● **Try it**
Leave every picture out and give back the lines below from the first through the line that holds "사진을 올린 작성자는", exactly as written.

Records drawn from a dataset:
-*-

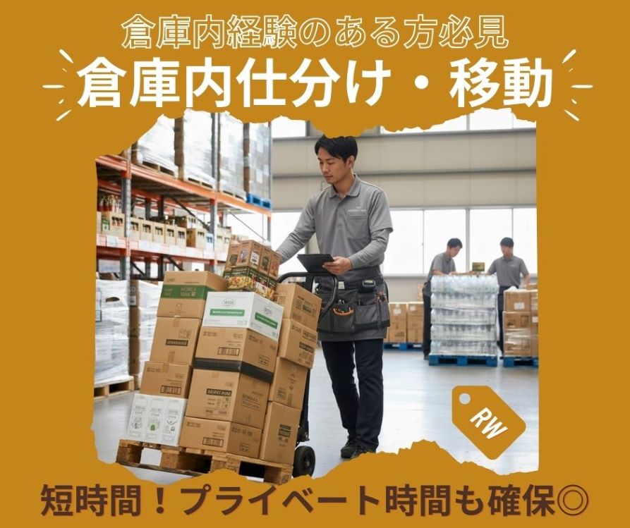 【検索ワード】 単発 単日 スポット マイカー バイク 当日現金 仕分け 倉庫内 軽作業 ...
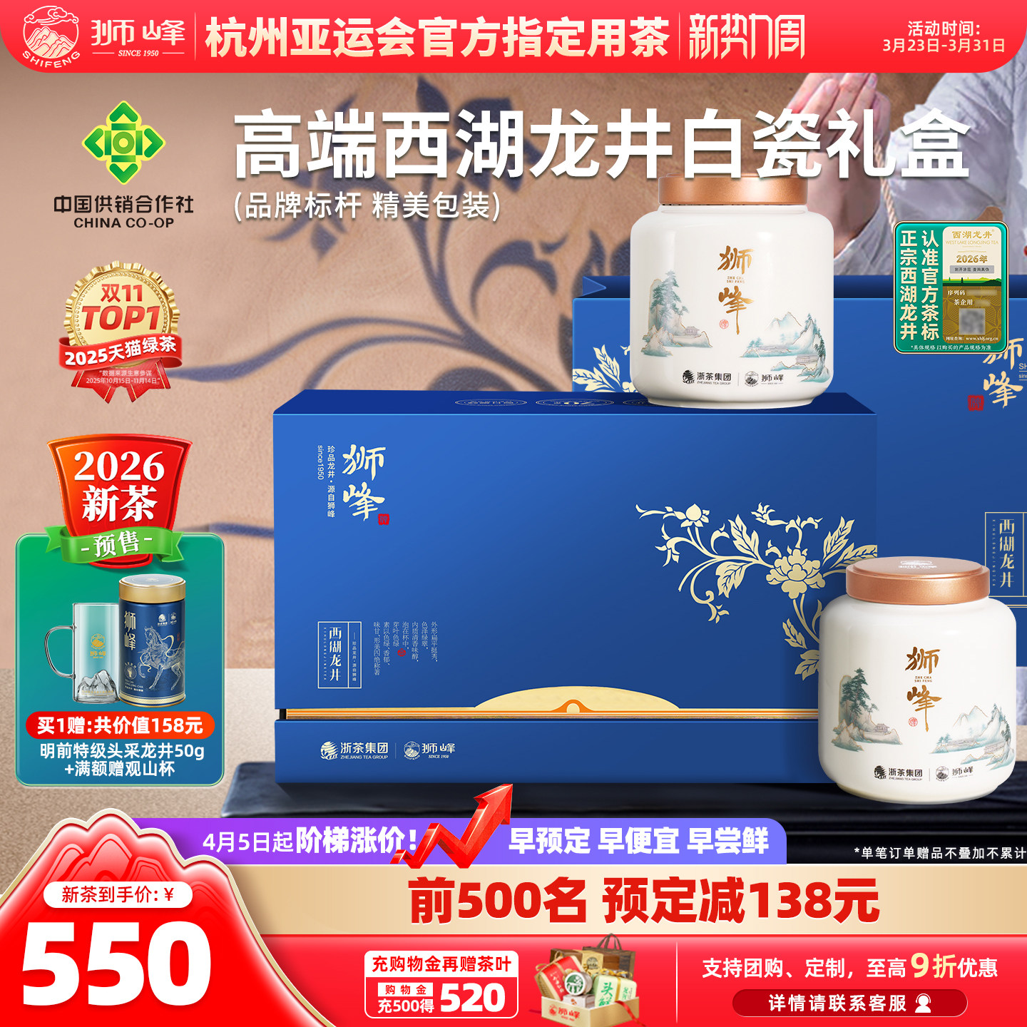 狮峰牌2026新茶上市特级明前龙井茶叶礼盒装送礼西湖藕粉春绿茶叶
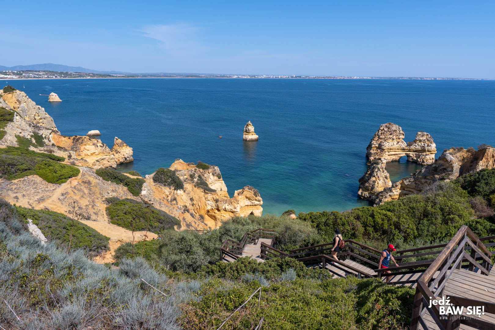 Inną zaletą naszego noclegu na miejscu (który zresztą bardzo polecamy – przybytek nosił nazwę Dona Ana Garden) była bliskość Ponta de Piedade. Ten charakterystyczny przylądek to najważniejsza atrakcja Lagos, bowiem to właśnie na nim znajduje się gros tutejszych, malowniczo położonych plaż. Trzy najważniejsze to Praia do Camilo, Praia da Balanca oraz Praia do Barranco do Martinho. Charakterystyczną cechą każdej z nich jest to, że na samą plażę musimy zejść po długaśnych, drewnianych schodach, z których możemy podziwiać widoki na odpowiednie zatoki.
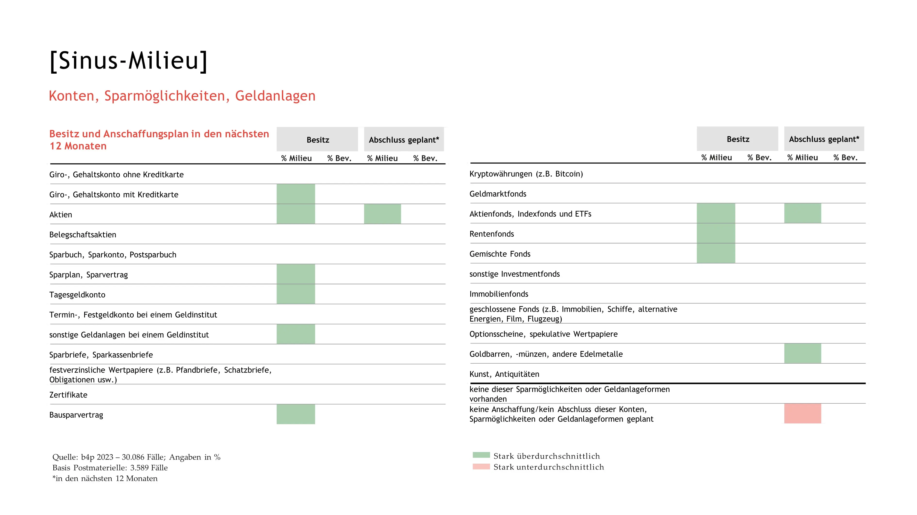 Das überarbeitete Infopaket „Finanzen und Versicherungen“ ist ab sofort erhältlich und zeigt, wie die Gesamtbevölkerung und die einzelnen Sinus-Milieus bzgl. Finanzen und Geldanlagen ticken, welche Finanzprodukte die Zielgruppen nutzen oder wie sie sich zum Thema Geldanlagen, Aktien und Fonds informieren. Das Infopaket beinhaltet aktuelle, repräsentative Daten auf Basis der Markt-Media-Studie best4planning 2023 (über 30.000 Interviews).
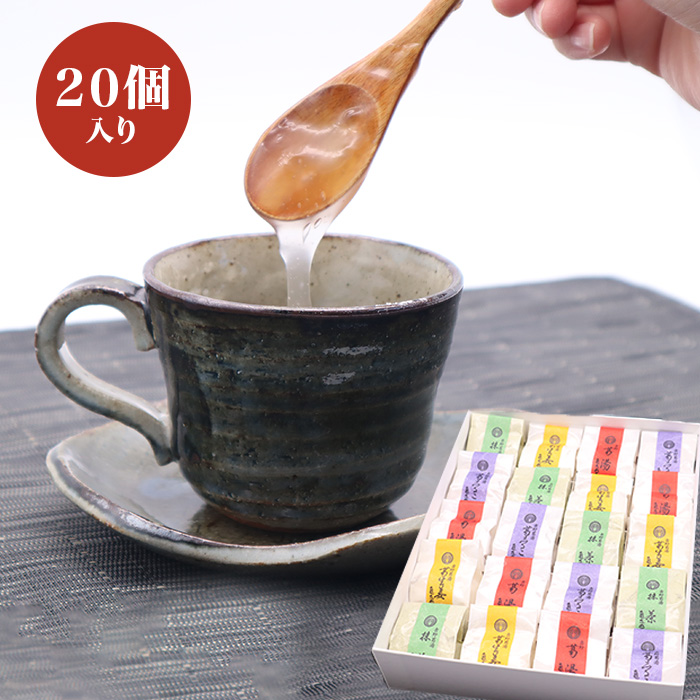 プレーン・しるこ・しょうが・抹茶味の4種の味のアソート20個入りギフト
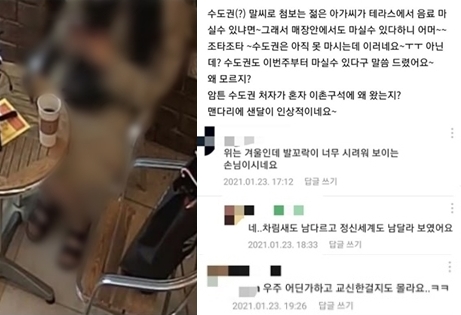 사진을 올린 작성자는 "수도권 말씨의 처음 보는 젊은 아가씨가 '테라스에서 음료 마실 수 있냐'고 물었습니다. 매장 내에서도 마실 수 있다 하니 '어머 좋다~수도권은 아직 못마시는데'라고 했다"면서 "수도권 처자가 혼자 왜 촌구석에 왔는지. 맨다리에 샌들이 인상적"이라고 적었습니다.
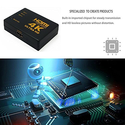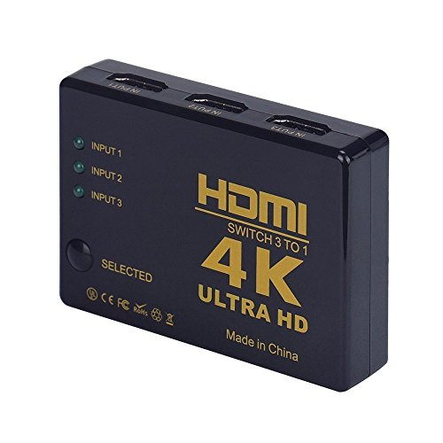HDMI Switch includes IR Wireless remote control | with booster | 3 Port switch-- 3 x in / 1 x out | Ultra HD 4k/ Dolby True HD | intelligent Switch - automatic and manual switch function.

-*-

● **Response to this exercise**
 【検索ワード】 単発 単日 スポット マイカー バイク 当日現金 仕分け 倉庫内 軽作業 ...
 狮峰牌2026新茶上市特级明前龙井茶叶礼盒装送礼西湖藕粉春绿茶叶
 Inną zaletą naszego noclegu na miejscu (który zresztą bardzo polecamy – przybytek nosił nazwę Dona Ana Garden) była bliskość Ponta de Piedade. Ten charakterystyczny przylądek to najważniejsza atrakcja Lagos, bowiem to właśnie na nim znajduje się gros tutejszych, malowniczo położonych plaż. Trzy najważniejsze to Praia do Camilo, Praia da Balanca oraz Praia do Barranco do Martinho. Charakterystyczną cechą każdej z nich jest to, że na samą plażę musimy zejść po długaśnych, drewnianych schodach, z których możemy podziwiać widoki na odpowiednie zatoki.
 Das überarbeitete Infopaket „Finanzen und Versicherungen“ ist ab sofort erhältlich und zeigt, wie die Gesamtbevölkerung und die einzelnen Sinus-Milieus bzgl. Finanzen und Geldanlagen ticken, welche Finanzprodukte die Zielgruppen nutzen oder wie sie sich zum Thema Geldanlagen, Aktien und Fonds informieren. Das Infopaket beinhaltet aktuelle, repräsentative Daten auf Basis der Markt-Media-Studie best4planning 2023 (über 30.000 Interviews).
 プレーン・しるこ・しょうが・抹茶味の4種の味のアソート20個入りギフト
 사진을 올린 작성자는 "수도권 말씨의 처음 보는 젊은 아가씨가 '테라스에서 음료 마실 수 있냐'고 물었습니다. 매장 내에서도 마실 수 있다 하니 '어머 좋다~수도권은 아직 못마시는데'라고 했다"면서 "수도권 처자가 혼자 왜 촌구석에 왔는지. 맨다리에 샌들이 인상적"이라고 적었습니다.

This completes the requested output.